## Action item
From the first line to the last, restate the material word for word; pictures stay out.

## Data shown
======

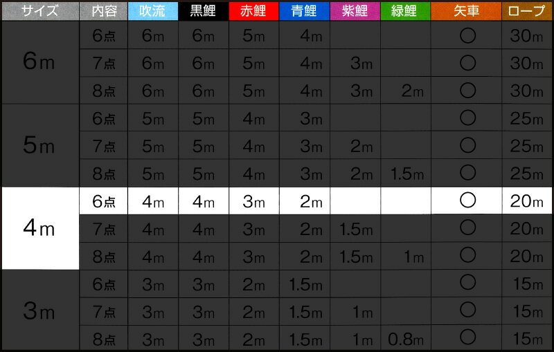 セット内容:吹流4m 黒鯉4m 赤鯉3m 青鯉2m 矢車 ロープ20m
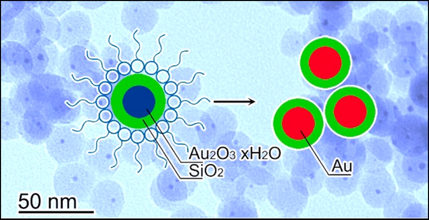粒径小于 3 nm 的金纳米粒子由于尺寸效应而具有优异的催化活性,但是它们极易发生粒子间的团聚或烧结现象从而失去活性,在中高温催化反应中尤为显著。在本论文中,作者提出了一种新颖的思路,借助氢氧化金中间体克服了长期以来小尺寸金属纳米粒子难以包覆金属氧化物的困难,制得了金/二氧化硅核壳结构的纳米材料,从而实现了对小尺寸金纳米粒子的稳定化。该材料表现出优良的高温稳定性及对一氧化碳氧化等反应的催化活性。本文提出的合成策略也对其它金属纳米催化剂的制备提供了新的思路。
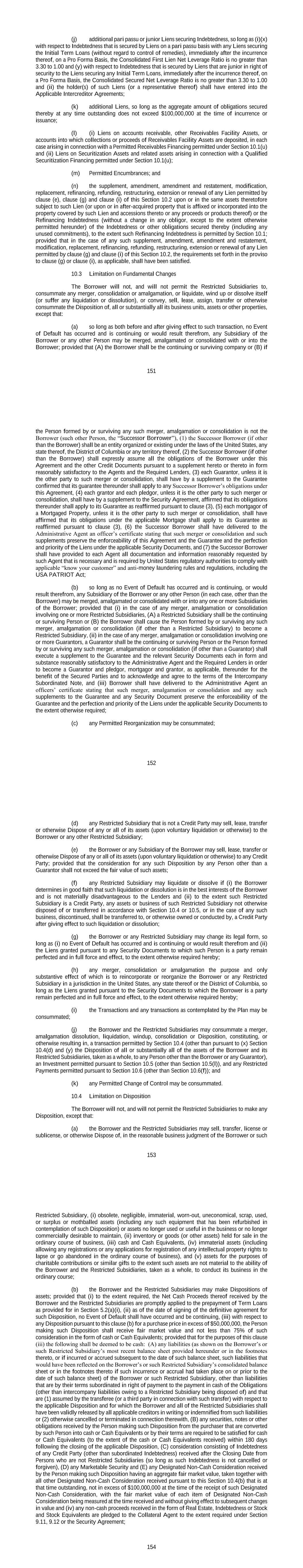 151 (j) additional pari passu or junior Liens securing Indebtedness, so long as (i)(x) with respect to Indebtedness that is secured by Liens on a pari passu basis with any Liens securing the Initial Term Loans (without regard to control of remedies), immediately after the incurrence thereof, on a Pro Forma Basis, the Consolidated First Lien Net Leverage Ratio is no greater than 3.30 to 1.00 and (y) with respect to Indebtedness that is secured by Liens that are junior in right of security to the Liens securing any Initial Term Loans, immediately after the incurrence thereof, on a Pro Forma Basis, the Consolidated Secured Net Leverage Ratio is no greater than 3.30 to 1.00 and (ii) the holder(s) of such Liens (or a representative thereof) shall have entered into the Applicable Intercreditor Agreements; (k) additional Liens, so long as the aggregate amount of obligations secured thereby at any time outstanding does not exceed $100,000,000 at the time of incurrence or issuance; (l) (i) Liens on accounts receivable, other Receivables Facility Assets, or accounts into which collections or proceeds of Receivables Facility Assets are deposited, in each case arising in connection with a Permitted Receivables Financing permitted under Section 10.1(u) and (ii) Liens on Securitization Assets and related assets arising in connection with a Qualified Securitization Financing permitted under Section 10.1(u); (m) Permitted Encumbrances; and (n) the supplement, amendment, amendment and restatement, modification, replacement, refinancing, refunding, restructuring, extension or renewal of any Lien permitted by clause (e), clause (g) and clause (i) of this Section 10.2 upon or in the same assets theretofore subject to such Lien (or upon or in after-acquired property that is affixed or incorporated into the property covered by such Lien and accessions thereto or any proceeds or products thereof) or the Refinancing Indebtedness (without a change in any obligor, except to the extent otherwise permitted hereunder) of the Indebtedness or other obligations secured thereby (including any unused commitments), to the extent such Refinancing Indebtedness is permitted by Section 10.1; provided that in the case of any such supplement, amendment, amendment and restatement, modification, replacement, refinancing, refunding, restructuring, extension or renewal of any Lien permitted by clause (g) and clause (i) of this Section 10.2, the requirements set forth in the proviso to clause (g) or clause (i), as applicable, shall have been satisfied. 10.3 Limitation on Fundamental Changes The Borrower will not, and will not permit the Restricted Subsidiaries to, consummate any merger, consolidation or amalgamation, or liquidate, wind up or dissolve itself (or suffer any liquidation or dissolution), or convey, sell, lease, assign, transfer or otherwise consummate the Disposition of, all or substantially all its business units, assets or other properties, except that: (a) so long as both before and after giving effect to such transaction, no Event of Default has occurred and is continuing or would result therefrom, any Subsidiary of the Borrower or any other Person may be merged, amalgamated or consolidated with or into the Borrower; provided that (A) the Borrower shall be the continuing or surviving company or (B) if 152 the Person formed by or surviving any such merger, amalgamation or consolidation is not the Borrower (such other Person, the “Successor Borrower”), (1) the Successor Borrower (if other than the Borrower) shall be an entity organized or existing under the laws of the United States, any state thereof, the District of Columbia or any territory thereof, (2) the Successor Borrower (if other than the Borrower) shall expressly assume all the obligations of the Borrower under this Agreement and the other Credit Documents pursuant to a supplement hereto or thereto in form reasonably satisfactory to the Agents and the Required Lenders, (3) each Guarantor, unless it is the other party to such merger or consolidation, shall have by a supplement to the Guarantee confirmed that its guarantee thereunder shall apply to any Successor Borrower’s obligations under this Agreement, (4) each grantor and each pledgor, unless it is the other party to such merger or consolidation, shall have by a supplement to the Security Agreement, affirmed that its obligations thereunder shall apply to its Guarantee as reaffirmed pursuant to clause (3), (5) each mortgagor of a Mortgaged Property, unless it is the other party to such merger or consolidation, shall have affirmed that its obligations under the applicable Mortgage shall apply to its Guarantee as reaffirmed pursuant to clause (3), (6) the Successor Borrower shall have delivered to the Administrative Agent an officer’s certificate stating that such merger or consolidation and such supplements preserve the enforceability of this Agreement and the Guarantee and the perfection and priority of the Liens under the applicable Security Documents, and (7) the Successor Borrower shall have provided to each Agent all documentation and information reasonably requested by such Agent that is necessary and is required by United States regulatory authorities to comply with applicable “know your customer” and anti-money laundering rules and regulations, including the USA PATRIOT Act; (b) so long as no Event of Default has occurred and is continuing, or would result therefrom, any Subsidiary of the Borrower or any other Person (in each case, other than the Borrower) may be merged, amalgamated or consolidated with or into any one or more Subsidiaries of the Borrower; provided that (i) in the case of any merger, amalgamation or consolidation involving one or more Restricted Subsidiaries, (A) a Restricted Subsidiary shall be the continuing or surviving Person or (B) the Borrower shall cause the Person formed by or surviving any such merger, amalgamation or consolidation (if other than a Restricted Su

======

## Result of the task
 セット内容:吹流4m 黒鯉4m 赤鯉3m 青鯉2m 矢車 ロープ20m
粒径小于 3 nm 的金纳米粒子由于尺寸效应而具有优异的催化活性,但是它们极易发生粒子间的团聚或烧结现象从而失去活性,在中高温催化反应中尤为显著。在本论文中,作者提出了一种新颖的思路,借助氢氧化金中间体克服了长期以来小尺寸金属纳米粒子难以包覆金属氧化物的困难,制得了金/二氧化硅核壳结构的纳米材料,从而实现了对小尺寸金纳米粒子的稳定化。该材料表现出优良的高温稳定性及对一氧化碳氧化等反应的催化活性。本文提出的合成策略也对其它金属纳米催化剂的制备提供了新的思路。
 151 (j) additional pari passu or junior Liens securing Indebtedness, so long as (i)(x) with respect to Indebtedness that is secured by Liens on a pari passu basis with any Liens securing the Initial Term Loans (without regard to control of remedies), immediately after the incurrence thereof, on a Pro Forma Basis, the Consolidated First Lien Net Leverage Ratio is no greater than 3.30 to 1.00 and (y) with respect to Indebtedness that is secured by Liens that are junior in right of security to the Liens securing any Initial Term Loans, immediately after the incurrence thereof, on a Pro Forma Basis, the Consolidated Secured Net Leverage Ratio is no greater than 3.30 to 1.00 and (ii) the holder(s) of such Liens (or a representative thereof) shall have entered into the Applicable Intercreditor Agreements; (k) additional Liens, so long as the aggregate amount of obligations secured thereby at any time outstanding does not exceed $100,000,000 at the time of incurrence or issuance; (l) (i) Liens on accounts receivable, other Receivables Facility Assets, or accounts into which collections or proceeds of Receivables Facility Assets are deposited, in each case arising in connection with a Permitted Receivables Financing permitted under Section 10.1(u) and (ii) Liens on Securitization Assets and related assets arising in connection with a Qualified Securitization Financing permitted under Section 10.1(u); (m) Permitted Encumbrances; and (n) the supplement, amendment, amendment and restatement, modification, replacement, refinancing, refunding, restructuring, extension or renewal of any Lien permitted by clause (e), clause (g) and clause (i) of this Section 10.2 upon or in the same assets theretofore subject to such Lien (or upon or in after-acquired property that is affixed or incorporated into the property covered by such Lien and accessions thereto or any proceeds or products thereof) or the Refinancing Indebtedness (without a change in any obligor, except to the extent otherwise permitted hereunder) of the Indebtedness or other obligations secured thereby (including any unused commitments), to the extent such Refinancing Indebtedness is permitted by Section 10.1; provided that in the case of any such supplement, amendment, amendment and restatement, modification, replacement, refinancing, refunding, restructuring, extension or renewal of any Lien permitted by clause (g) and clause (i) of this Section 10.2, the requirements set forth in the proviso to clause (g) or clause (i), as applicable, shall have been satisfied. 10.3 Limitation on Fundamental Changes The Borrower will not, and will not permit the Restricted Subsidiaries to, consummate any merger, consolidation or amalgamation, or liquidate, wind up or dissolve itself (or suffer any liquidation or dissolution), or convey, sell, lease, assign, transfer or otherwise consummate the Disposition of, all or substantially all its business units, assets or other properties, except that: (a) so long as both before and after giving effect to such transaction, no Event of Default has occurred and is continuing or would result therefrom, any Subsidiary of the Borrower or any other Person may be merged, amalgamated or consolidated with or into the Borrower; provided that (A) the Borrower shall be the continuing or surviving company or (B) if 152 the Person formed by or surviving any such merger, amalgamation or consolidation is not the Borrower (such other Person, the “Successor Borrower”), (1) the Successor Borrower (if other than the Borrower) shall be an entity organized or existing under the laws of the United States, any state thereof, the District of Columbia or any territory thereof, (2) the Successor Borrower (if other than the Borrower) shall expressly assume all the obligations of the Borrower under this Agreement and the other Credit Documents pursuant to a supplement hereto or thereto in form reasonably satisfactory to the Agents and the Required Lenders, (3) each Guarantor, unless it is the other party to such merger or consolidation, shall have by a supplement to the Guarantee confirmed that its guarantee thereunder shall apply to any Successor Borrower’s obligations under this Agreement, (4) each grantor and each pledgor, unless it is the other party to such merger or consolidation, shall have by a supplement to the Security Agreement, affirmed that its obligations thereunder shall apply to its Guarantee as reaffirmed pursuant to clause (3), (5) each mortgagor of a Mortgaged Property, unless it is the other party to such merger or consolidation, shall have affirmed that its obligations under the applicable Mortgage shall apply to its Guarantee as reaffirmed pursuant to clause (3), (6) the Successor Borrower shall have delivered to the Administrative Agent an officer’s certificate stating that such merger or consolidation and such supplements preserve the enforceability of this Agreement and the Guarantee and the perfection and priority of the Liens under the applicable Security Documents, and (7) the Successor Borrower shall have provided to each Agent all documentation and information reasonably requested by such Agent that is necessary and is required by United States regulatory authorities to comply with applicable “know your customer” and anti-money laundering rules and regulations, including the USA PATRIOT Act; (b) so long as no Event of Default has occurred and is continuing, or would result therefrom, any Subsidiary of the Borrower or any other Person (in each case, other than the Borrower) may be merged, amalgamated or consolidated with or into any one or more Subsidiaries of the Borrower; provided that (i) in the case of any merger, amalgamation or consolidation involving one or more Restricted Subsidiaries, (A) a Restricted Subsidiary shall be the continuing or surviving Person or (B) the Borrower shall cause the Person formed by or surviving any such merger, amalgamation or consolidation (if other than a Restricted Su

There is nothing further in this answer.